Street in York, England

Blossom Street is a road in York, England, immediately west of the city centre.

==History==
The street has been the main route leading south and west from York from the Roman Eboracum era onwards; the Roman roads to Calcaria (now Tadcaster) and Isurium Brigantum (now Aldborough, North Yorkshire) ran parallel to the modern road, to the rear of the buildings on its north-western side.
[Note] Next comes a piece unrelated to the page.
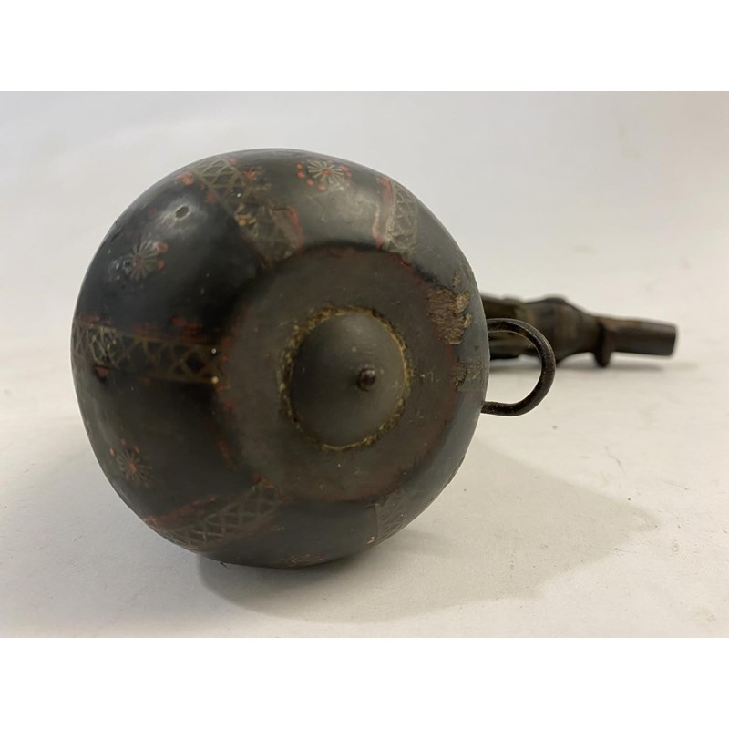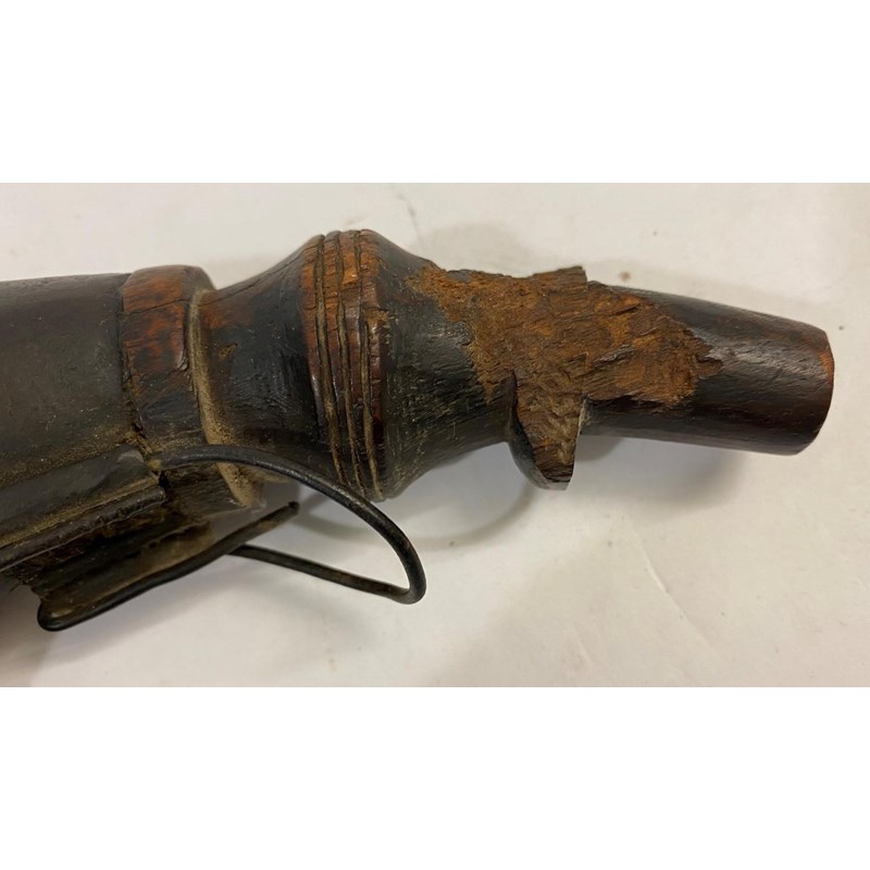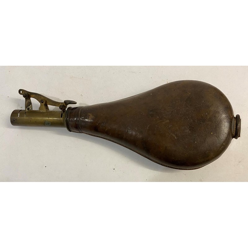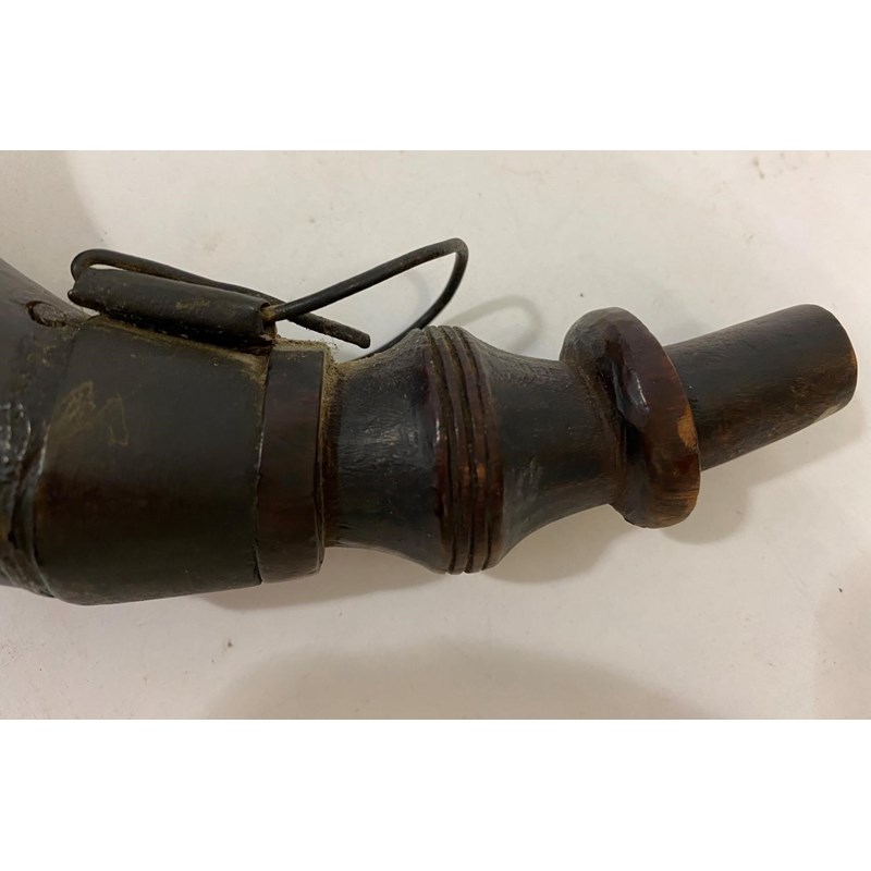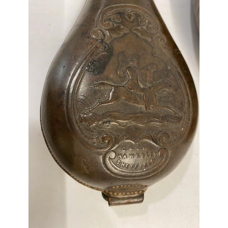 A 19th Century continental horn powder flask with shaped wooden pouring spout and painted rounded end, with wire hanging loops, 27cm wide and a leather shot flask by C & JW Hawksley Sheffield, embossed with a scene of two huntsmen on horseback, 22cm. (2)

While the area was initially agricultural, it was later used as a rubbish dump, and then as a cemetery. Remains of several tombs have been found. By the 5th century, it appears to have been used as agricultural land once more.

The street was first recorded in the early 13th century, as Ploxswaingate, named for the ploughswains living in the area, and by 1282, 29 plots along the street had already been built upon. Unlike other streets in medieval York, it was extremely wide, and as a result, a horse and cattle market was held on it. By 1639 there were 68 houses on the street, and although there was some damage during the 1644 Siege of York, the presence of a nearby Royalist camp meant it was the only suburb of the city to escape complete destruction.

From the medieval period, the street was known for its inns, mixed with smaller merchants' houses and farmhouses belonging to people who put cows out to pasture on the Knavesmire. Barstow's Hospital was built in the 17th century, and from the 1820s it became built up with larger houses and shops. The last horse fair on the street was held in about 1906, by which time it had become an important tram and bus route. It is now a mixed commercial area, with shops, restaurants, hotels and some housing, although it is dominated by traffic.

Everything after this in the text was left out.